Data supplied:

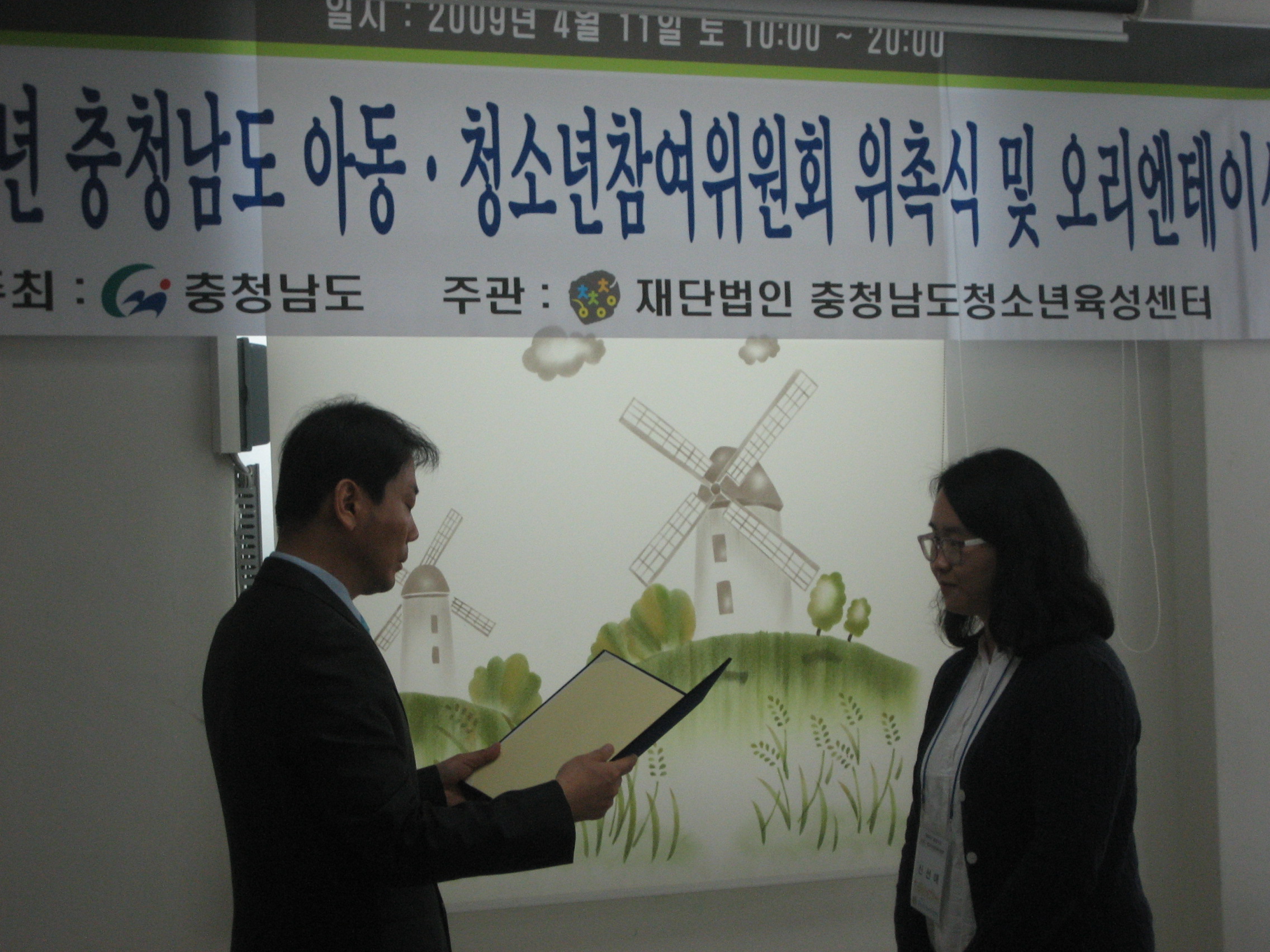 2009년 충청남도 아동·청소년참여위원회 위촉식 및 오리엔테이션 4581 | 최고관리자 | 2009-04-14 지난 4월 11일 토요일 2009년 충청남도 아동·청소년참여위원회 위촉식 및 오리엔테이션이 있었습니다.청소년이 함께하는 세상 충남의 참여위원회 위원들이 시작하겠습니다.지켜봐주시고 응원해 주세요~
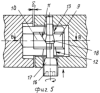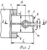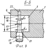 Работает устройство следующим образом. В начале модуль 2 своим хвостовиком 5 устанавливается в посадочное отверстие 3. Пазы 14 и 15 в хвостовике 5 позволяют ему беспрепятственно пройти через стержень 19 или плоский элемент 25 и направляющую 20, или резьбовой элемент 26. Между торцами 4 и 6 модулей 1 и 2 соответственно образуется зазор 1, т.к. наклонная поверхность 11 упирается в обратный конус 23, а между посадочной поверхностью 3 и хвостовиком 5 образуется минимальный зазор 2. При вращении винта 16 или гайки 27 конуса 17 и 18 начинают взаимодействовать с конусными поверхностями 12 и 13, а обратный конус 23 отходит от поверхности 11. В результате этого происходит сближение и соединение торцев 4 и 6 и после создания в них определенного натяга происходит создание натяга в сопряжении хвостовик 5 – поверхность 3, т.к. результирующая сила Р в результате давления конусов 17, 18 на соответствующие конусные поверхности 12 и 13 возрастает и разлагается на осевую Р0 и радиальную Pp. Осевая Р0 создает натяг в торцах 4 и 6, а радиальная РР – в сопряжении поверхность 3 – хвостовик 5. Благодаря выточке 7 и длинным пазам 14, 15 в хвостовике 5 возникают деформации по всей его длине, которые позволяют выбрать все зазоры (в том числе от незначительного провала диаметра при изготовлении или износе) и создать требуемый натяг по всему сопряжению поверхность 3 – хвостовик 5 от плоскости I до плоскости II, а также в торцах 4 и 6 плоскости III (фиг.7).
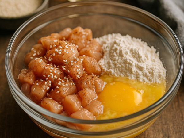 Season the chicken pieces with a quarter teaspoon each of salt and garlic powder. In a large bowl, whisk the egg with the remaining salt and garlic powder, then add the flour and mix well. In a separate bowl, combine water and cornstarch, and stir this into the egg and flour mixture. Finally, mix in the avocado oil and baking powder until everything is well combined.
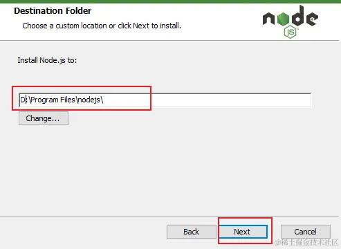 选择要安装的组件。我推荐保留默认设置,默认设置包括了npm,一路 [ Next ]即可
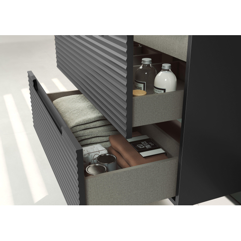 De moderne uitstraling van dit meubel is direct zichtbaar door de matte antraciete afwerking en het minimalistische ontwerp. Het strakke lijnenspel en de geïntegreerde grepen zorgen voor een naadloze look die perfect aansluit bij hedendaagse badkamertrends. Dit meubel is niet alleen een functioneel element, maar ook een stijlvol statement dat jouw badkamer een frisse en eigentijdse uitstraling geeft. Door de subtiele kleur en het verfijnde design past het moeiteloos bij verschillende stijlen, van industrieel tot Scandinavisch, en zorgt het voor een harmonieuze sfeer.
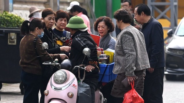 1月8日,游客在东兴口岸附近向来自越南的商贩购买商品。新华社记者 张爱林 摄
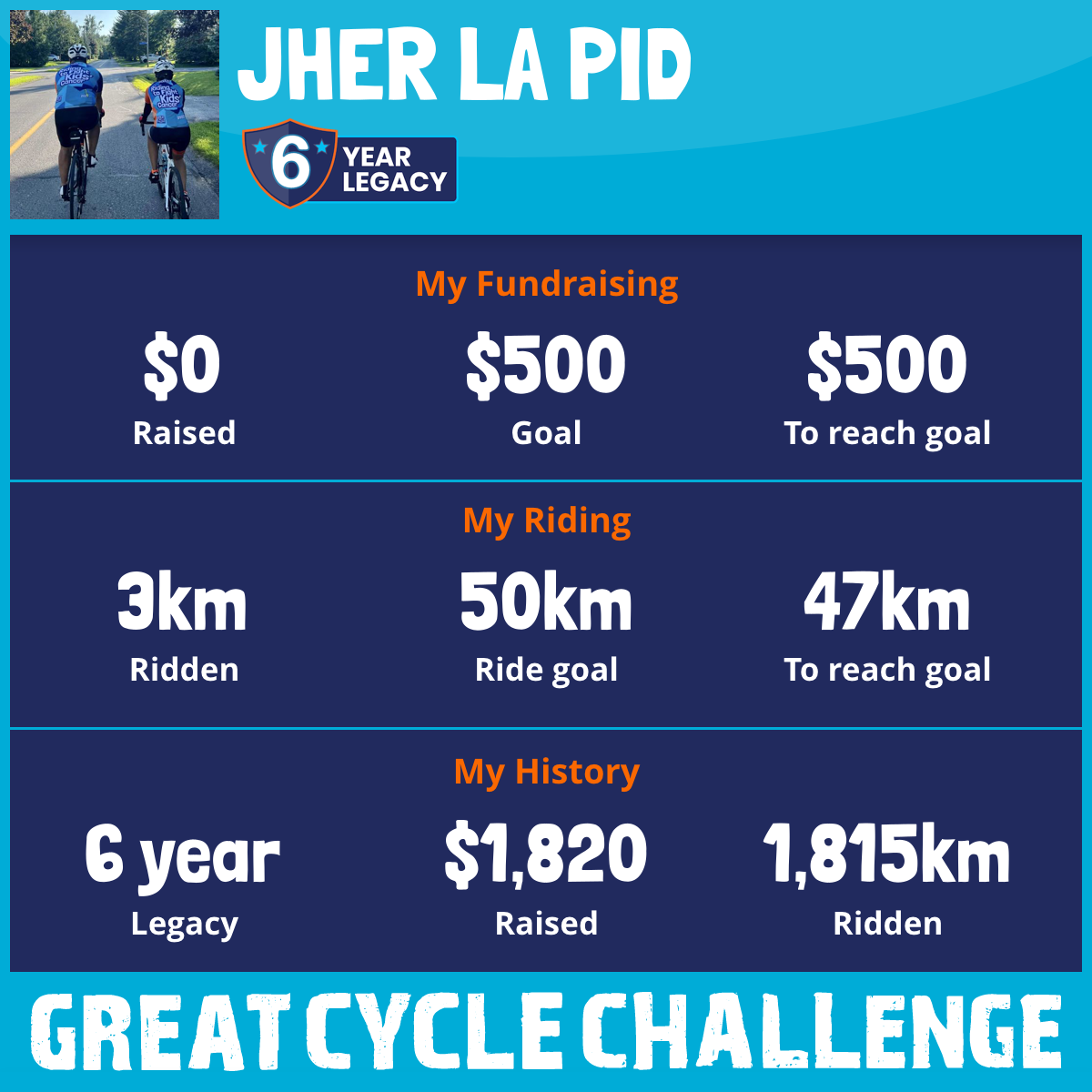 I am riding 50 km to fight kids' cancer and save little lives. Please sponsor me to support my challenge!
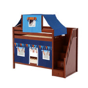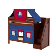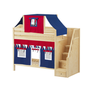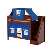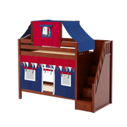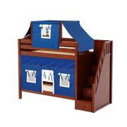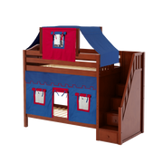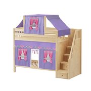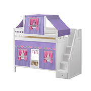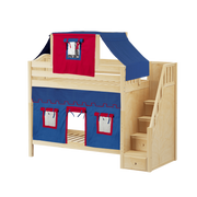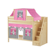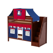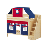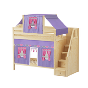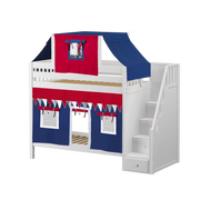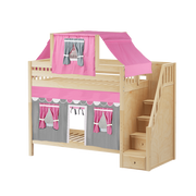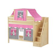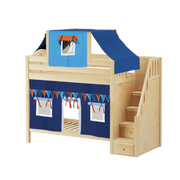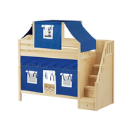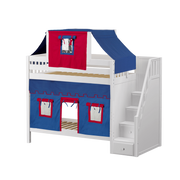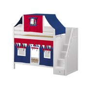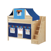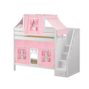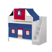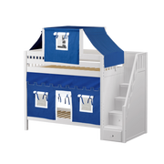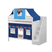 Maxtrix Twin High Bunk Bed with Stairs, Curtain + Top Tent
---
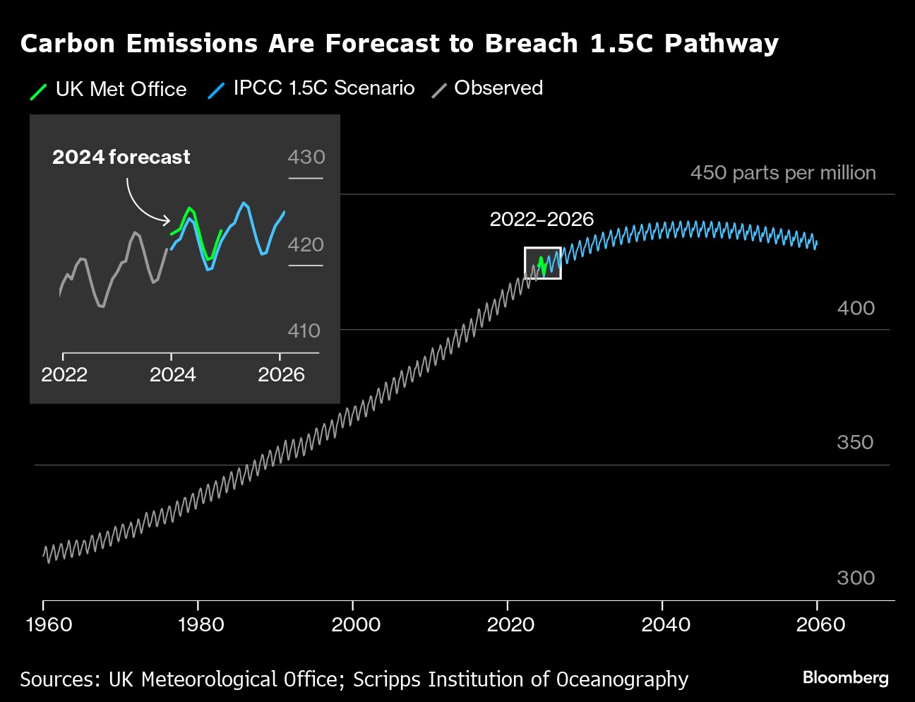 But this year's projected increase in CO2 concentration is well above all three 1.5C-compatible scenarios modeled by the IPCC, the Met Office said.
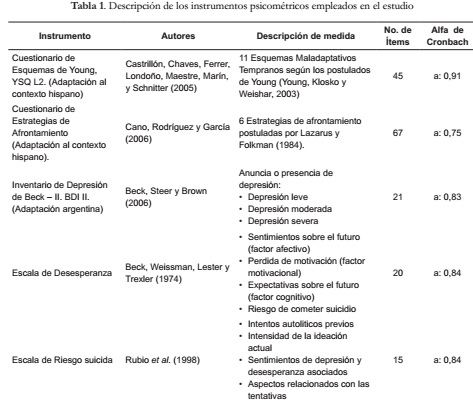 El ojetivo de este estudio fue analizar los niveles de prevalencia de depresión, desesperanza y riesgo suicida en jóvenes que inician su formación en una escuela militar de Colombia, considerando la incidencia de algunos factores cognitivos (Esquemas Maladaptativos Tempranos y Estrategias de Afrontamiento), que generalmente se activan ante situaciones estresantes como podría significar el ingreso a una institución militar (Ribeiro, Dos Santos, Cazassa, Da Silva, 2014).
==
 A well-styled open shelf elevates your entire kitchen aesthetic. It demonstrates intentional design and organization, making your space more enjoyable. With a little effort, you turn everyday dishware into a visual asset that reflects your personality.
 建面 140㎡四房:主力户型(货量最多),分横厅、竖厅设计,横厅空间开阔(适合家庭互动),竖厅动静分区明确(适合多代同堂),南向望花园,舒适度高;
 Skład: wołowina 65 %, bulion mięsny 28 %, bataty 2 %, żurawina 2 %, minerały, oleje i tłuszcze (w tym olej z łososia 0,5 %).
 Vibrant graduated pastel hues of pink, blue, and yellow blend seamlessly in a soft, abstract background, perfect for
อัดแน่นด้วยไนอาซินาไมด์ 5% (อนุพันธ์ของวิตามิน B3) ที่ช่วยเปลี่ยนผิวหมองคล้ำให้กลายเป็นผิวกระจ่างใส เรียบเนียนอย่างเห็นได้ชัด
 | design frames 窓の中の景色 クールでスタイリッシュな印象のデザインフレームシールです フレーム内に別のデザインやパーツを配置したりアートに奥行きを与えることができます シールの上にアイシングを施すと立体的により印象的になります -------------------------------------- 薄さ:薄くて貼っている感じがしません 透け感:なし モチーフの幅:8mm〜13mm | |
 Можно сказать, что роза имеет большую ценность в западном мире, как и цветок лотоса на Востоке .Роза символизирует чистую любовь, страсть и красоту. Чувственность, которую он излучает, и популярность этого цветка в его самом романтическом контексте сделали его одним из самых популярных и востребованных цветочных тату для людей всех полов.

Required action:
Using the entries shown above, reproduce verbatim the lines from the line bearing "A well-styled open" to the line bearing "建面 140㎡四房:主力户型", inclusive.

Answer space:
 A well-styled open shelf elevates your entire kitchen aesthetic. It demonstrates intentional design and organization, making your space more enjoyable. With a little effort, you turn everyday dishware into a visual asset that reflects your personality.
 建面 140㎡四房:主力户型(货量最多),分横厅、竖厅设计,横厅空间开阔(适合家庭互动),竖厅动静分区明确(适合多代同堂),南向望花园,舒适度高;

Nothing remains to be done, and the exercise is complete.